Fatigue characteristics of nano-SiO2 cemented soil under coupled effects of dry-wet cycle and seawater corrosion

In the marine environment, cement soils are subject to a variety of adverse conditions, including seawater corrosion, dry and wet cycles, and dynamic loading. These environmental conditions pose a significant threat to the structural integrity of these engineered soils. The addition of Nano-SiO2 particles to these cement-treated soils is offered as an engineering solution to extend their service life. It has been shown that the incorporation of Nano-SiO2 into the Cemented soil can significantly increase the static strength and improve the microstructure of the Cemented soil. Four different Nano-SiO2 particles, which have been extensively studied in the literature, are used as admixtures in the cemented-soil. Optimal dosages of these Nano-SiO2 particles are determined based on unconfined compressive strength (UCS) and scanning electron microscopy (SEM) data. Wet-dry cycles are applied to the cement-treated soil samples to simulate tidal rise and fall relevant to the marine environment. Nuclear magnetic resonance (NMR) and X-ray diffraction tests are also performed to complement the SEM study. The incorporation of Nano-SiO2 into cement-treated soils in a marine environment improved the mechanical strength and fatigue life of the cement-treated soils. It also reduced the corrosion rate of the cemented soils in the sea, and the improvement in mechanical stability was also quite remarkable.
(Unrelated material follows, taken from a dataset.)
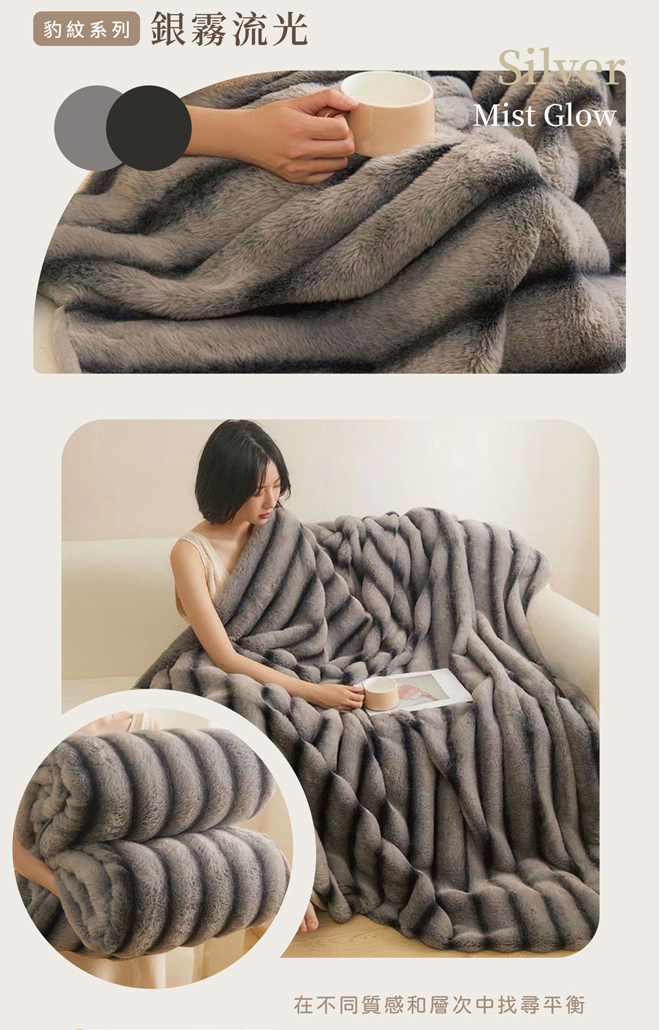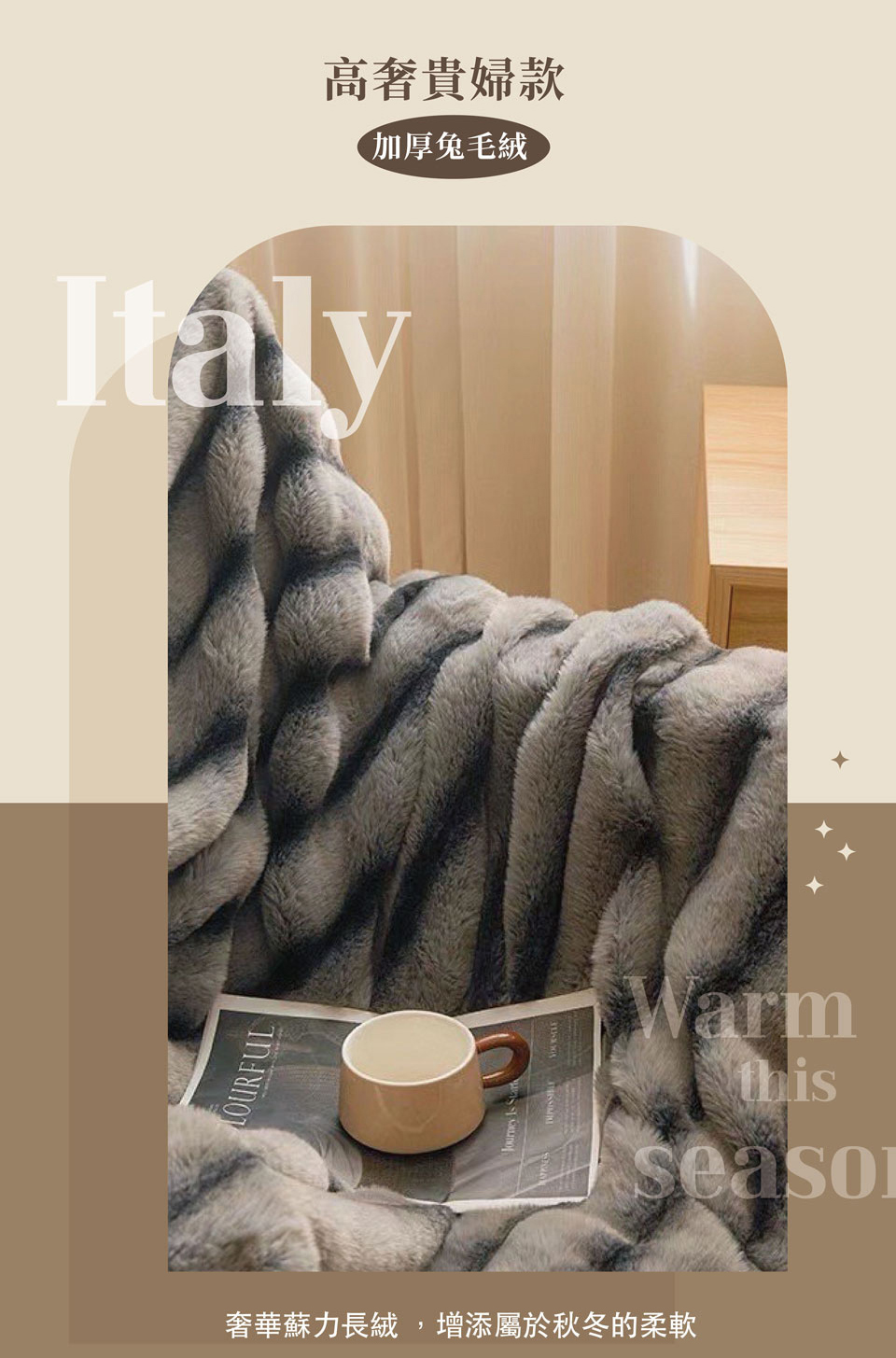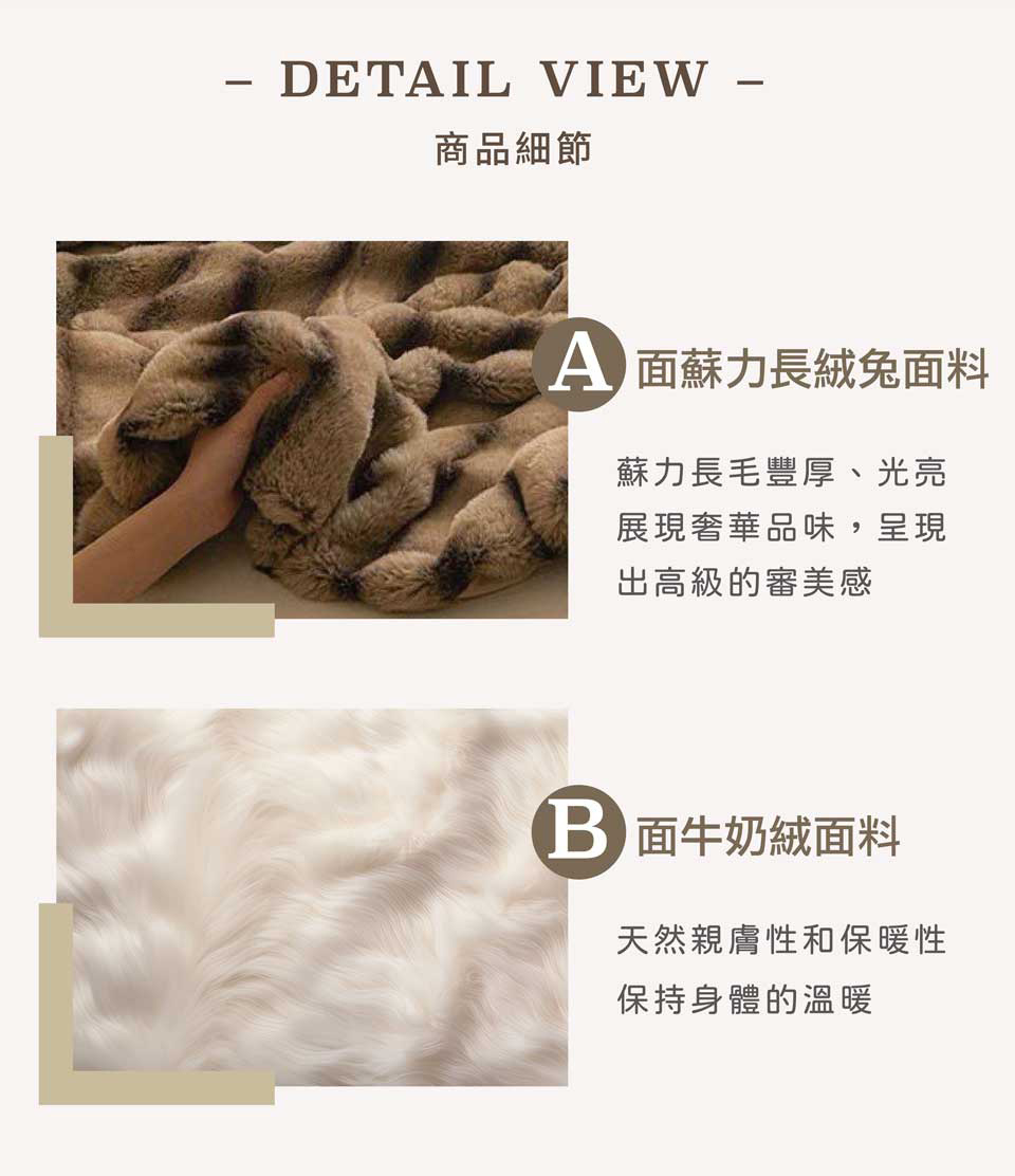 A版兔蘇力長絨兔毛毯 超柔軟親膚觸感,B版牛奶絨材質,細膩順滑。手感細膩、親膚滑順、瞬間鎖溫。

The fatigue life of Nano-SiO2 cemented soils was 1.35 times longer than that of conventional cemented soils, and the peak dynamic modulus of elasticity of the added Nano-SiO2 cemented soils increased by 29%, when subjected to 60 cycles of seawater. The improved fatigue life of Nano-SiO2 Cemented soils is a function of their structural filling tropism and distribution tropism. The improved fatigue of Nano-SiO2 is a result of the combined effect of particle effect, volcanic ash effect, and nucleation effect.